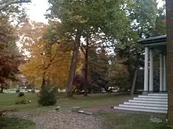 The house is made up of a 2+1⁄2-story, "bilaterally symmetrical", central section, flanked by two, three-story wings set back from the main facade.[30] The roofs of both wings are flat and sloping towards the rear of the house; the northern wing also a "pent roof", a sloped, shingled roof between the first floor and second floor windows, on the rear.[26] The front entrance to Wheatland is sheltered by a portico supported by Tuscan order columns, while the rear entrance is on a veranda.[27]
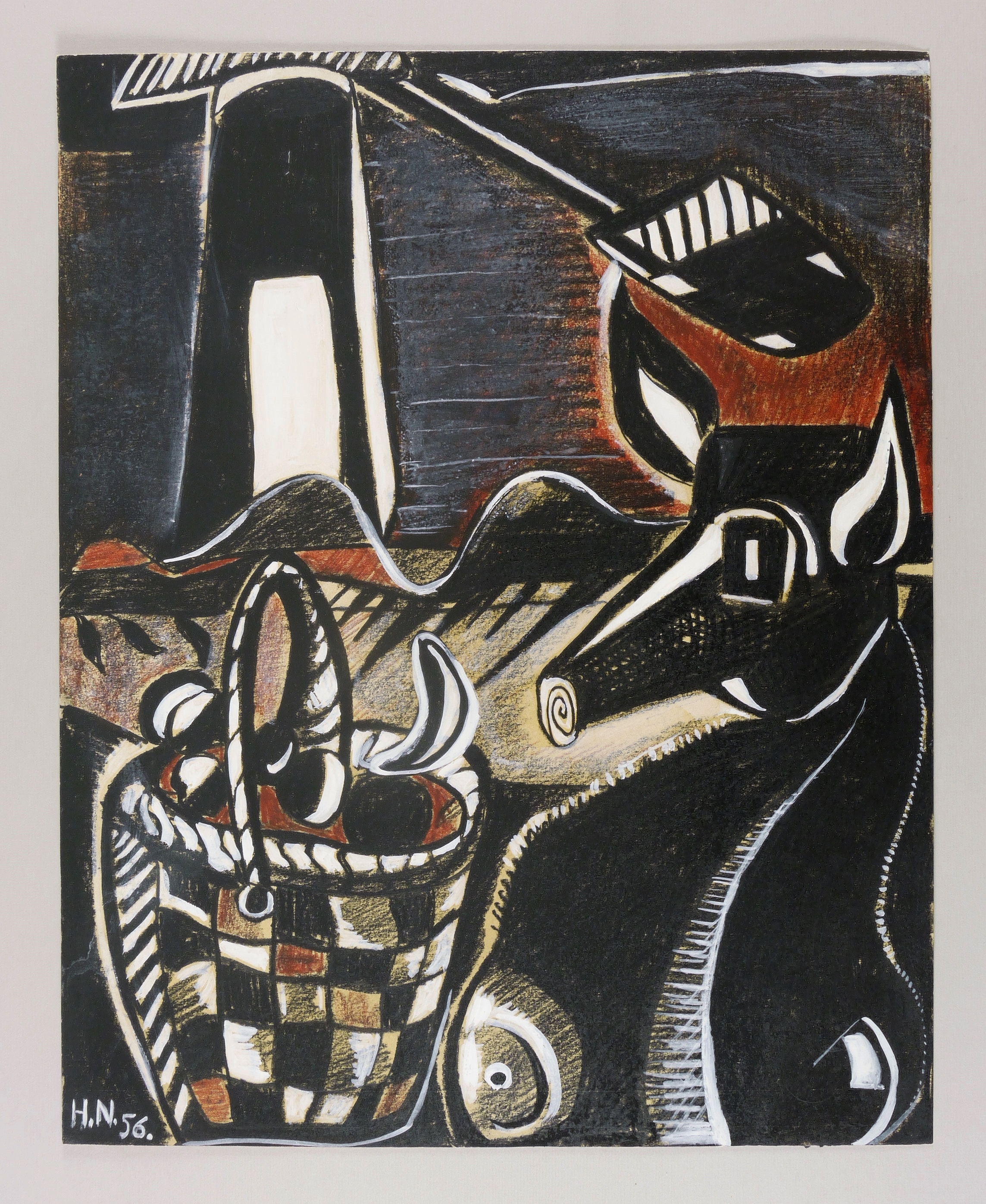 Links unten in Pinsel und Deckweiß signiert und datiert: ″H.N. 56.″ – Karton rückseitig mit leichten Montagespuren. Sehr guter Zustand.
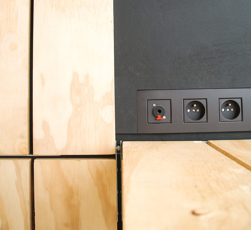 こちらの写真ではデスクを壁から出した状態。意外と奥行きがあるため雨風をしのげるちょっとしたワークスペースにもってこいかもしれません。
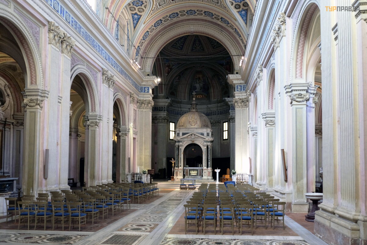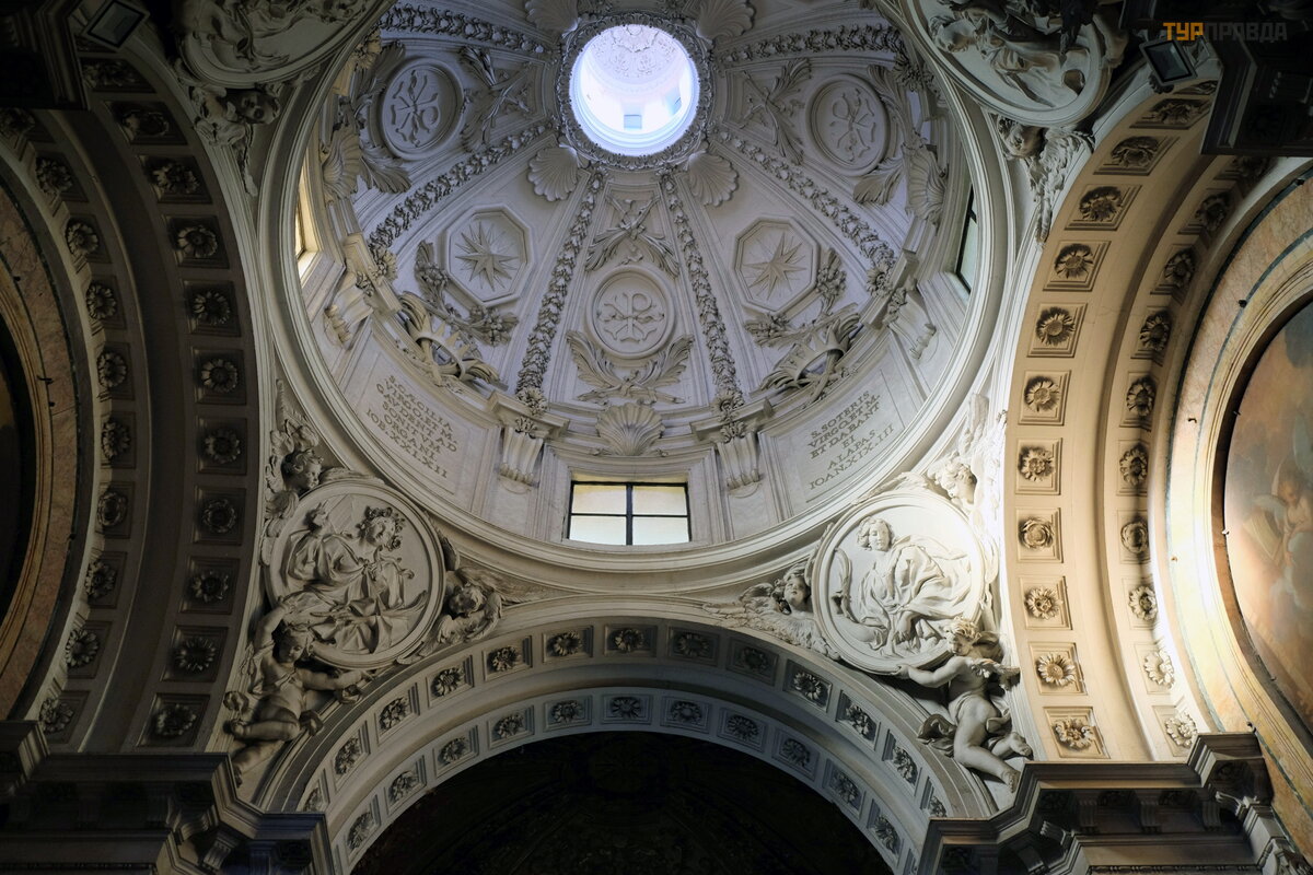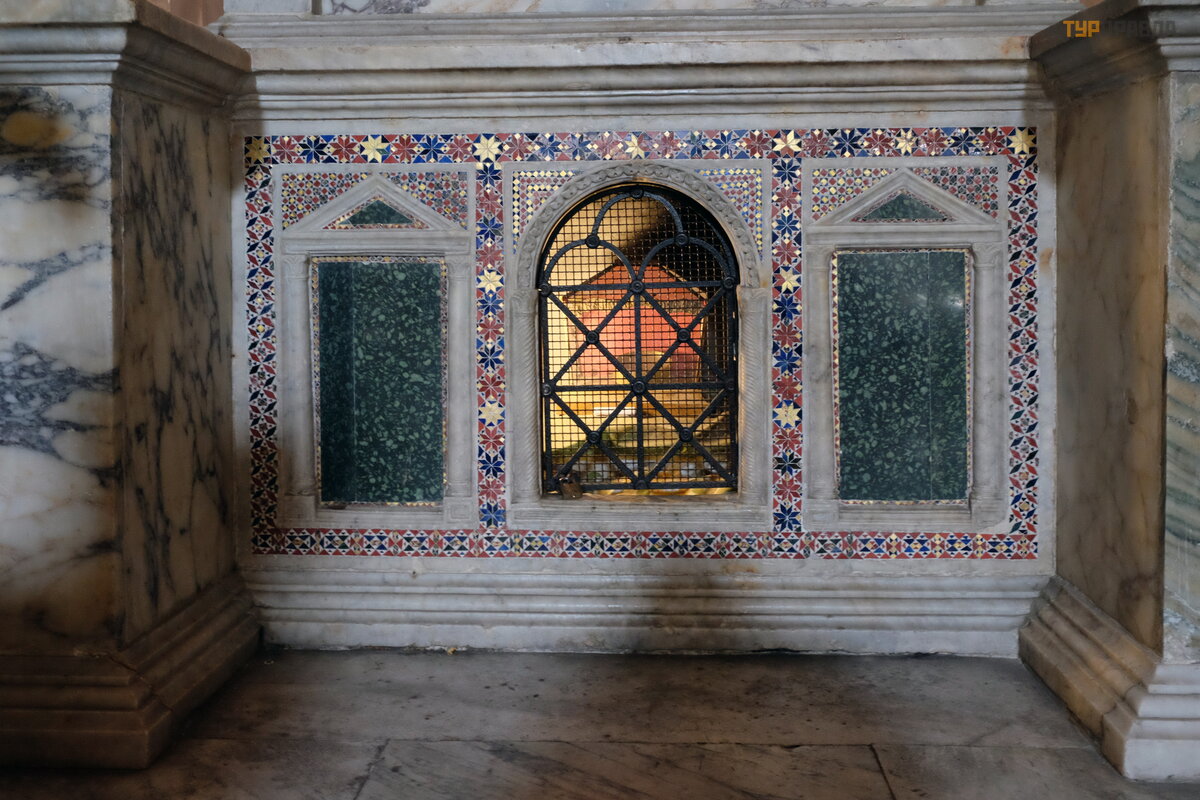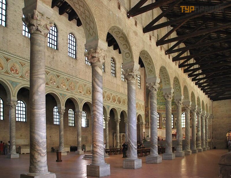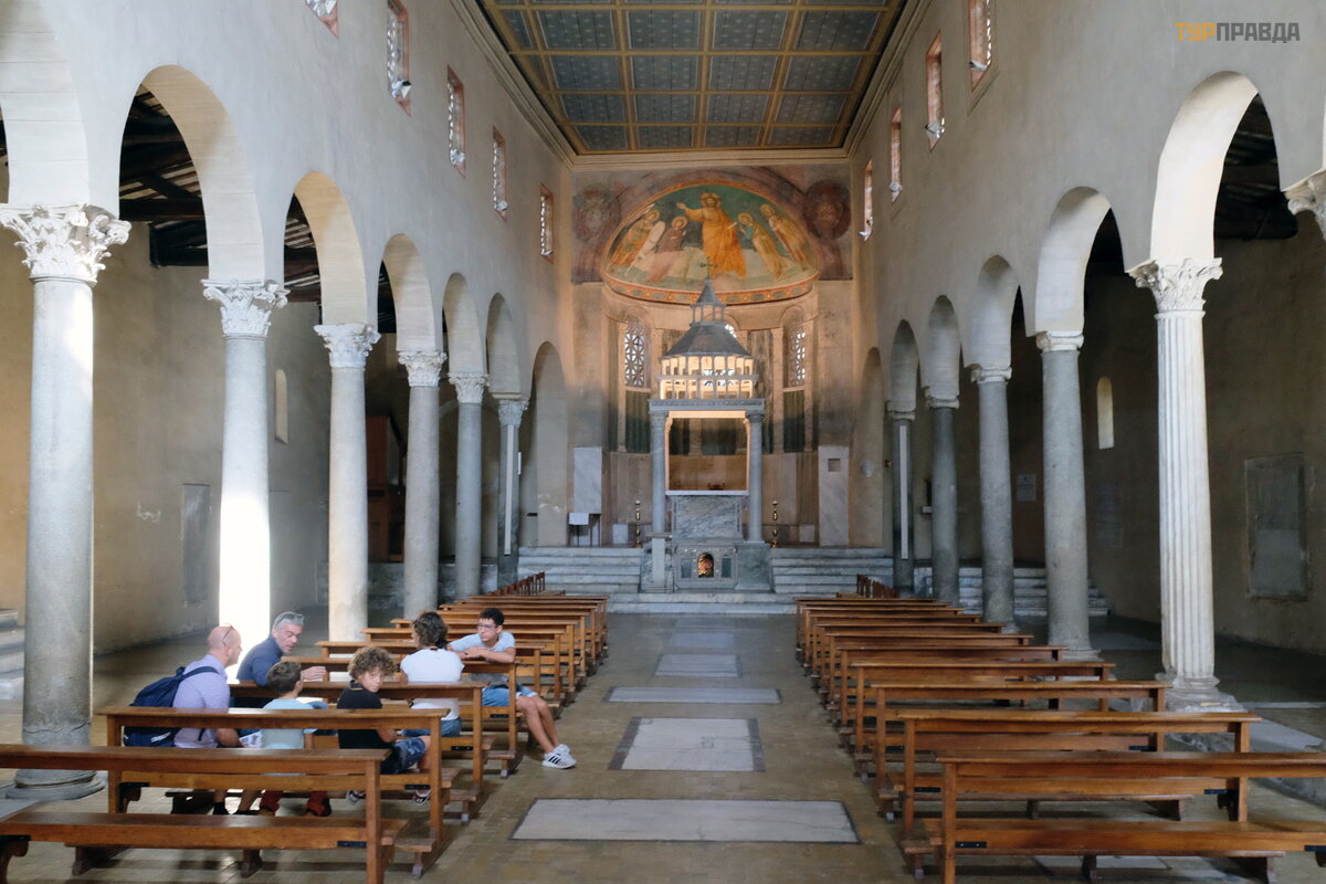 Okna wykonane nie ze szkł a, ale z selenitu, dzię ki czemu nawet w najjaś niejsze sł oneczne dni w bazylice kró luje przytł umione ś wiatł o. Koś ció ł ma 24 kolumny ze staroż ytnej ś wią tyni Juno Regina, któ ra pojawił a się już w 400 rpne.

> [Description of the task]:
Lines from the start of the listing above through the line holding "こちらの写真ではデスクを壁か" are to be duplicated exactly, and nothing more; leave out the pictures.

> [Expected answer]:
 The house is made up of a 2+1⁄2-story, "bilaterally symmetrical", central section, flanked by two, three-story wings set back from the main facade.[30] The roofs of both wings are flat and sloping towards the rear of the house; the northern wing also a "pent roof", a sloped, shingled roof between the first floor and second floor windows, on the rear.[26] The front entrance to Wheatland is sheltered by a portico supported by Tuscan order columns, while the rear entrance is on a veranda.[27]
 Links unten in Pinsel und Deckweiß signiert und datiert: ″H.N. 56.″ – Karton rückseitig mit leichten Montagespuren. Sehr guter Zustand.
 こちらの写真ではデスクを壁から出した状態。意外と奥行きがあるため雨風をしのげるちょっとしたワークスペースにもってこいかもしれません。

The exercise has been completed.